- Records shown -
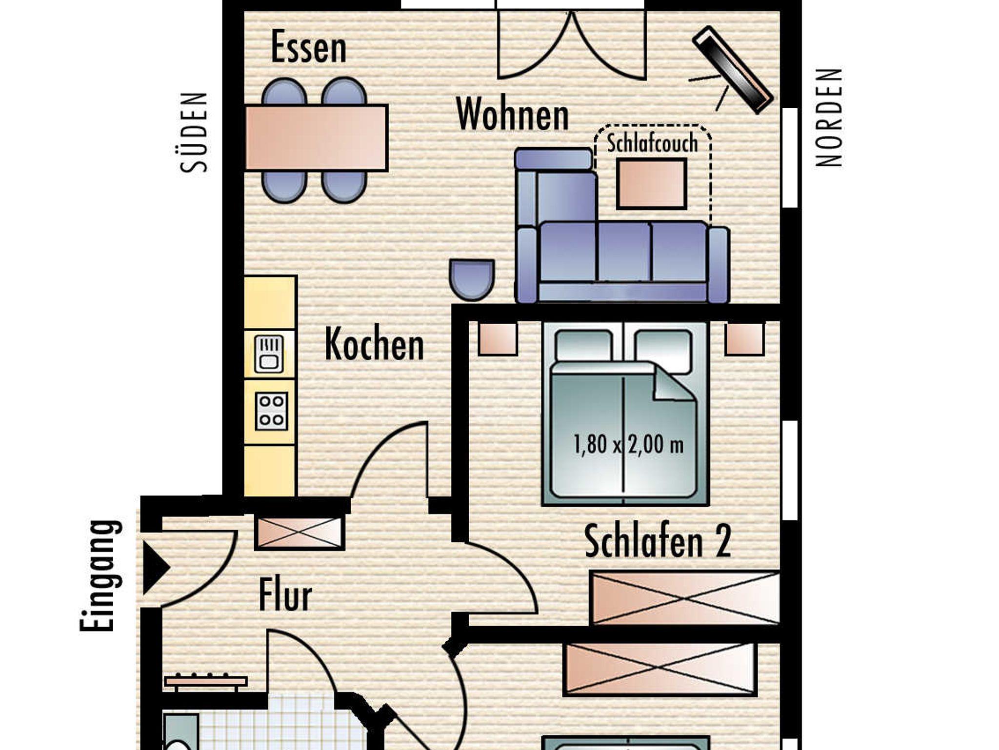Die Ferienwohnung verfügt über zwei separate Schlafzimmer mit jeweils einem Doppelbett (2,00 x 1,80m, einzelnen 21cm dicken Komfort-Kaltschaum-Matratzen sowie sehr guten Lattenrosten) und jeweils einen großen Kleiderschrank.
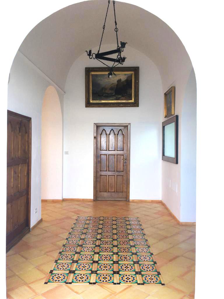 Il cotto della Fornace, viene ancora prodotto con asciugatura naturale e cotto in forno alimentato da fascine in legno. L’asimmetria geometrica del chiostro è stata vinta con un classico e elementare montaggio a cardamone. La pavimentazione esterna è stata oggetto di attenta scelta della granulometria degli inerti per avere il colore dell’antico massetto a sabbia lavata lapillo e cemento.
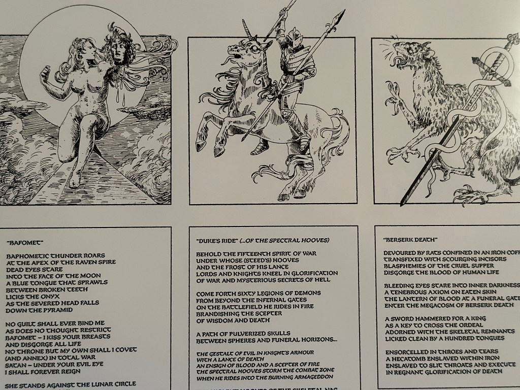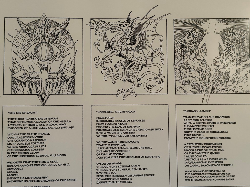 Side B opens with ‘The Eye of Satan,’ which begins on a slower pace and grinding tremolo chords which evolve into a plethora of melodic riffcraft, showcasing an evolutionary trait not yet seen in the Satanic Warmaster canon. The song constantly stays in rhythmic motion and morph, with accents and melodic overtones constantly emerging and resolving.
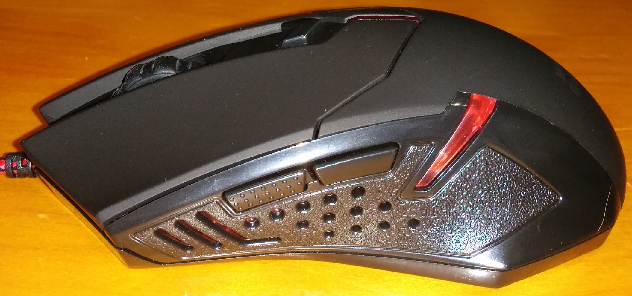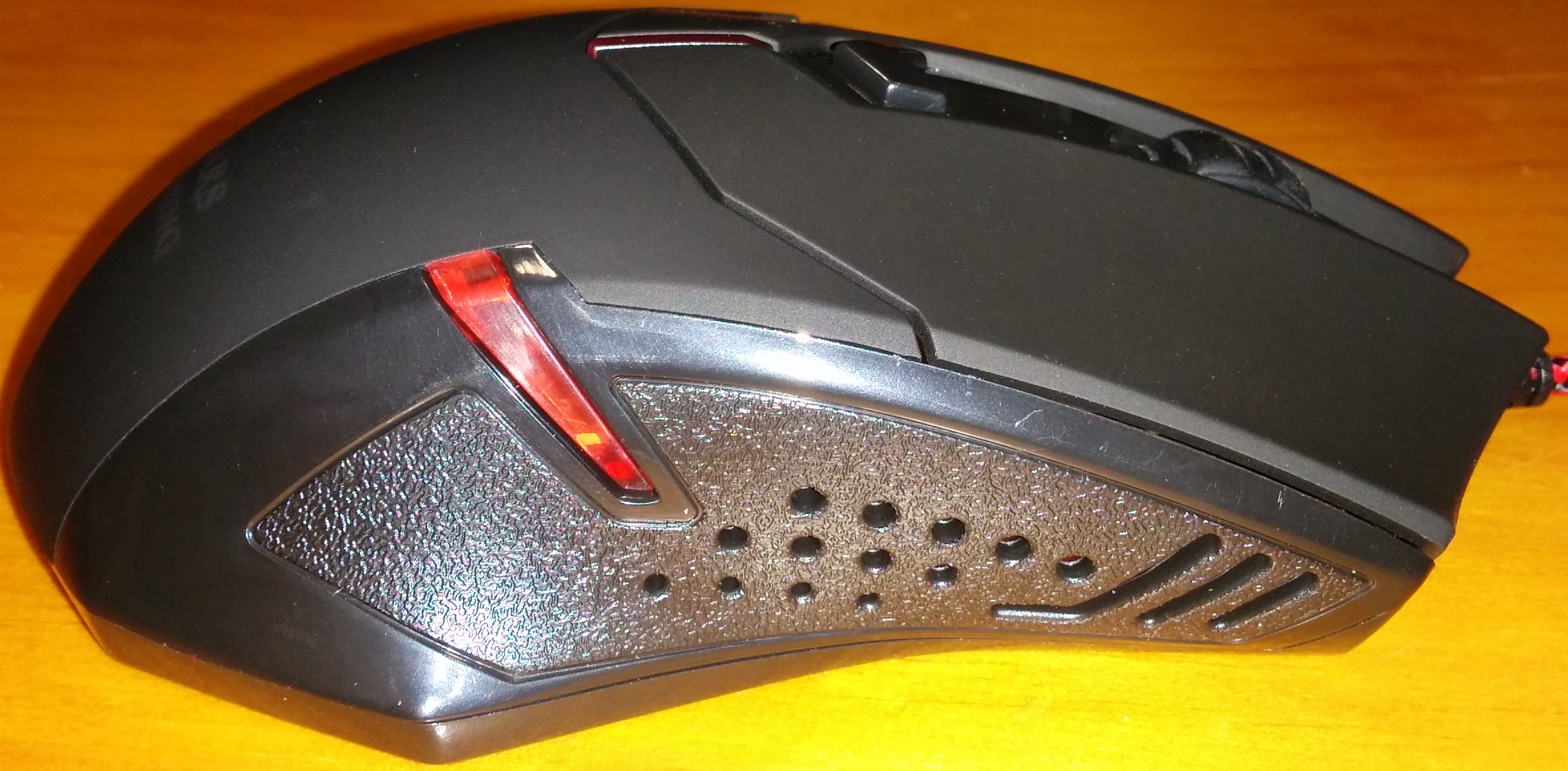 El ratón del MCP2 trae un total de 6 botones, los dos típicos derecho e izquierdo, el del scroll/rueda de desplazamiento, el del cambio de sensibilidad del sensor óptico que se encuentra detrás del scroll (permitiendo cambiar de 800 a 2800 DPI de forma rápida), y dos botones en el lateral izquierdo situados muy correctamente para ser pulsados cómodamente con el pulgar.
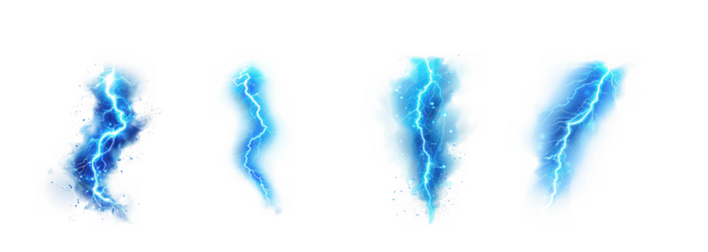 Four vibrant blue lightning bolt effects with wispy edges presented as digital elements on transparent background
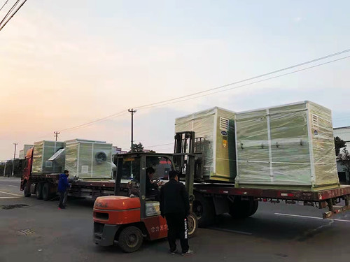 7臺裝有隔音箱的玻璃鋼離心風機發往河北石家莊
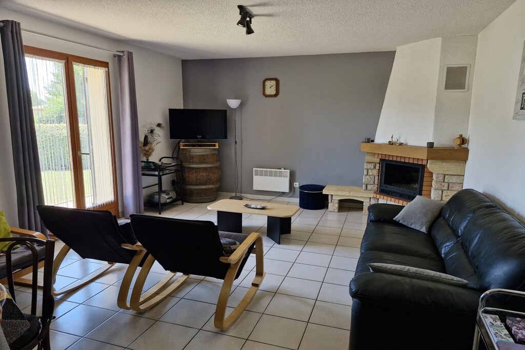 Inside, the villa offers a warm and inviting living space with a fireplace, dining table, and TV. The well-equipped kitchen allows you to prepare delicious meals with ease, while the washing machine ensures convenience during longer stays. Whether you're enjoying a quiet evening indoors or hosting a lively dinner on the terrace, the home is designed for comfort and connection.
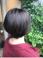 襟足はかなりスッキリさせたショートボブスタイル☆トップにはレイヤーをあまり入れず、収まりとツヤ感が出るよう少しだけ重めカットに♪
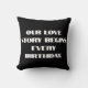 Vår berättelse om kärlek börjar varje födelsedag. kudde
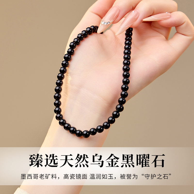 天然黑曜石项链女高级感锁骨链黑玛瑙吊坠情侣送礼饰品官方旗舰店

- Task directions -
Skip the pictures, then retype every line above exactly.

- Reply -
Die Ferienwohnung verfügt über zwei separate Schlafzimmer mit jeweils einem Doppelbett (2,00 x 1,80m, einzelnen 21cm dicken Komfort-Kaltschaum-Matratzen sowie sehr guten Lattenrosten) und jeweils einen großen Kleiderschrank.
 Il cotto della Fornace, viene ancora prodotto con asciugatura naturale e cotto in forno alimentato da fascine in legno. L’asimmetria geometrica del chiostro è stata vinta con un classico e elementare montaggio a cardamone. La pavimentazione esterna è stata oggetto di attenta scelta della granulometria degli inerti per avere il colore dell’antico massetto a sabbia lavata lapillo e cemento.
 Side B opens with ‘The Eye of Satan,’ which begins on a slower pace and grinding tremolo chords which evolve into a plethora of melodic riffcraft, showcasing an evolutionary trait not yet seen in the Satanic Warmaster canon. The song constantly stays in rhythmic motion and morph, with accents and melodic overtones constantly emerging and resolving.
 El ratón del MCP2 trae un total de 6 botones, los dos típicos derecho e izquierdo, el del scroll/rueda de desplazamiento, el del cambio de sensibilidad del sensor óptico que se encuentra detrás del scroll (permitiendo cambiar de 800 a 2800 DPI de forma rápida), y dos botones en el lateral izquierdo situados muy correctamente para ser pulsados cómodamente con el pulgar.
 Four vibrant blue lightning bolt effects with wispy edges presented as digital elements on transparent background
 7臺裝有隔音箱的玻璃鋼離心風機發往河北石家莊
 Inside, the villa offers a warm and inviting living space with a fireplace, dining table, and TV. The well-equipped kitchen allows you to prepare delicious meals with ease, while the washing machine ensures convenience during longer stays. Whether you're enjoying a quiet evening indoors or hosting a lively dinner on the terrace, the home is designed for comfort and connection.
 襟足はかなりスッキリさせたショートボブスタイル☆トップにはレイヤーをあまり入れず、収まりとツヤ感が出るよう少しだけ重めカットに♪
 Vår berättelse om kärlek börjar varje födelsedag. kudde
 天然黑曜石项链女高级感锁骨链黑玛瑙吊坠情侣送礼饰品官方旗舰店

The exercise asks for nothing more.